The implementation of a Global Tax Rate would, on its face, remove Jersey’s ability to provide an inviting business environment in which to do business. However, the impact of the proposals may be less severe than the headlines suggest. This article explores why a Global Tax Rate may not be too taxing after all.
A Global Tax Rate may help Jersey cast off its reputation as a ‘Tax Haven’
Jersey’s ‘Zero-Ten’ company taxation system, whereby corporation tax is set at 0% for most Jersey companies, was introduced over a decade ago. Following the stern comments received by Jersey from the European Parliament’s TAXE committee in 2016 concerning the 0% rate, Zero-Ten now arguably needs to be reformed anyway. No matter how compelling Jersey’s arguments have been in rebutting the (unfair) perception that it is a tax haven, the 0% rate remains an albatross around the Island’s neck from a PR perspective.

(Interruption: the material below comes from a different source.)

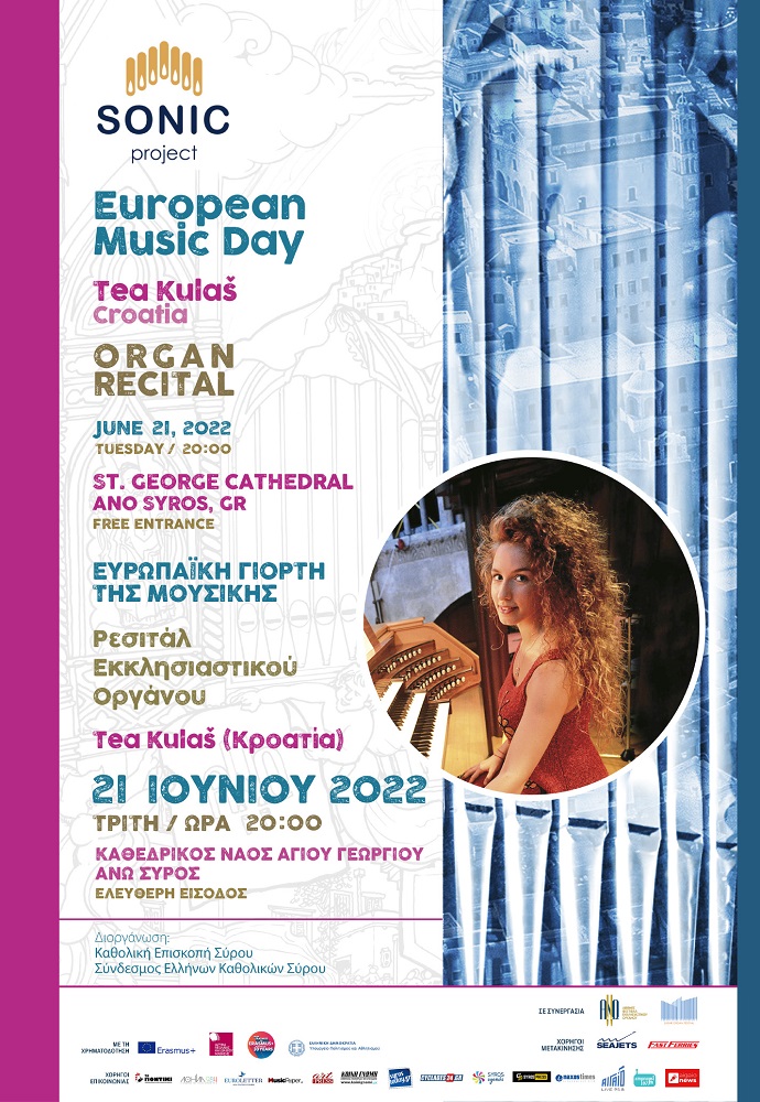 Το έργο SONIC είναι μια σύμπραξη ανάμεσα στην Ελλάδα και την Κροατία με στόχο την καλλιέργεια της κουλτούρας του εκκλησιαστικού οργάνου, κυρίως στο νεανικό κοινό. Το Διεθνές Φεστιβάλ Εκκλησιαστικού Οργάνου ΑΝΩ στη Σύρο και το Φεστιβάλ Εκκλησιαστικού Οργάνου του Ζάνταρ, συνεργάζονται προκειμένου να κεφαλαιοποιήσουν την τοπική πολιτισμική τους κληρονομιά και να δημιουργήσουν ένα καινοτόμο καλλιτεχνικό προϊόν για τις επόμενες γενιές. Το έργο το οποίο σχεδιάστηκε στη Σύρο με διαχειριστή τον Σύνδεσμο Ελλήνων Καθολικών Σύρου, στοχεύει στο να προκαλέσει την ενεργό συμμετοχή σε αυτό νέων καλλιτεχνών έως 30 ετών, μέσα από την ευαισθητοποίηση τους σχετικά με το εκκλησιαστικό όργανο και την πολυδιάστατη αξία του, καθώς και τη διαμόρφωση ενός βιώσιμου κοινωνικού αντίκτυπου. Λαμβάνοντας υπόψη τις σύγχρονες προκλήσεις, ένα ψηφιακό εργαλείο, σχεδιασμένο για χρήση από νέους καλλιτέχνες διαφόρων μορφών τέχνης, είναι διαθέσιμο σε ευρωπαϊκό επίπεδο με στόχο την εξέλιξή τους πέρα από γεωγραφικά και πολιτισμικά όρια.

A Global Tax Rate would allow a rebranding of Jersey’s role in the financial services world to take place.
The Global Tax Rate may help rebalance Jersey’s tax revenue intake
The Zero-Ten system may not have helped the local population’s personal finances too much either; it has played a significant role in the shift in the Island’s tax revenues from being mainly paid by corporations, to being mainly paid by individuals.
Before Zero-Ten’s introduction, foreign owned entities paid £600 per year to be registered in Jersey. Following the introduction of Zero-Ten, that fee dropped to £0. In 2002 corporate tax revenues accounted for 57% of Jersey’s total tax pot, and revenue from individuals accounted for just 43%. The latest figures released show that tax paid by corporations now accounts for just 19.5% of receipts, and local residents pay the remainder.
Zero-Ten’s introduction may have forced the Government to introduce GST and attract more white-collar immigration workers and ‘2.1(e)s’, to make up the corporate tax shortfall. The resulting population growth may have led to the increasing cost of living in the Island and pushed up house prices.
A Global Tax Rate should increase Jersey’s corporate tax intake, which may, in turn, reduce the pressure on local residents to meet Jersey’s long term budget deficits.
The Global Tax Rate won’t be introduced for a while, allowing Jersey the time to adapt and prepare
The Global Tax Rate proposals are still in their embryonic stage. Once they have been finalised by the G7, which will be no easy negotiation in itself, they will need to be approved by the G20 led by a hostile China.
Surprisingly, the Global Tax Rate may meet the most resistance from individual States and lobbyists within the USA itself. Delaware and other low tax jurisdictions such as Florida and Nevada are arguably the worst offenders globally regarding tax transparency; they will likely fight President Biden’s proposals tooth and nail.
All countries agree that the provisions will only be adopted globally when they can be applied equally everywhere. Without a level playing field, no one country will be expected to implement a new tax system which would put them at a competitive disadvantage.
In short, Jersey has time on its side to adapt its tax code and its ‘Jersey PLC’ marketing to take advantage of the opportunities a Global Tax Rate might bring. Jersey’s relative agility compared to its larger rivals may allow it to reinvent itself to stay relevant in a world with a base Global Tax Rate.
A base Global Tax Rate may not materially impact Jersey’s financial services sectors
The primary driver behind the introduction of the base Global Tax Rate is to make hugely profitable multinationals such as Apple, Facebook, Amazon and Google pay their fair share into government coffers. These companies should be hit hardest by the G7’s proposals which will focus on them intensely.
However, it is likely that Jersey’s blue-chip industries – the private funds and private wealth management sectors – will either be exempted from these corporate tax proposals or will not be in scope in the first place. The current G7 proposals are relatively limited, and investment funds, which act as a valuable gateway to the UK and EU for capital, will probably not be targeted.